PyTorch Model from Hugging Face

from transformers import AutoTokenizer, TextStreamer
from intel_extension_for_transformers.transformers import AutoModelForCausalLM
model_name = "Intel/neural-chat-7b-v3-1"     # Hugging Face model_id or local model
prompt = "Once upon a time, there existed a little girl,"

tokenizer = AutoTokenizer.from_pretrained(model_name, trust_remote_code=True)
inputs = tokenizer(prompt, return_tensors="pt").input_ids
streamer = TextStreamer(tokenizer)

model = AutoModelForCausalLM.from_pretrained(model_name, load_in_4bit=True)
outputs = model.generate(inputs, streamer=streamer, max_new_tokens=300)

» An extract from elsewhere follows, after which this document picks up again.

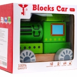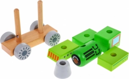 Deti navliekajú farebné kocky na kolíky a stavajú vlastnú mašinku. Učia sa triediť tvary, farby a zlepšujú jemnú motoriku.

GGUF Model from Hugging Face

from transformers import AutoTokenizer, TextStreamer
from intel_extension_for_transformers.transformers import AutoModelForCausalLM

# Specify the GGUF repo on the Hugginface
model_name = "TheBloke/Llama-2-7B-Chat-GGUF"
# Download the the specific gguf model file from the above repo
model_file = "llama-2-7b-chat.Q4_0.gguf"
# make sure you are granted to access this model on the Huggingface.
tokenizer_name = "meta-llama/Llama-2-7b-chat-hf"

prompt = "Once upon a time"
tokenizer = AutoTokenizer.from_pretrained(tokenizer_name, trust_remote_code=True)
inputs = tokenizer(prompt, return_tensors="pt").input_ids
streamer = TextStreamer(tokenizer)
model = AutoModelForCausalLM.from_pretrained(model_name, model_file = model_file)
outputs = model.generate(inputs, streamer=streamer, max_new_tokens=300)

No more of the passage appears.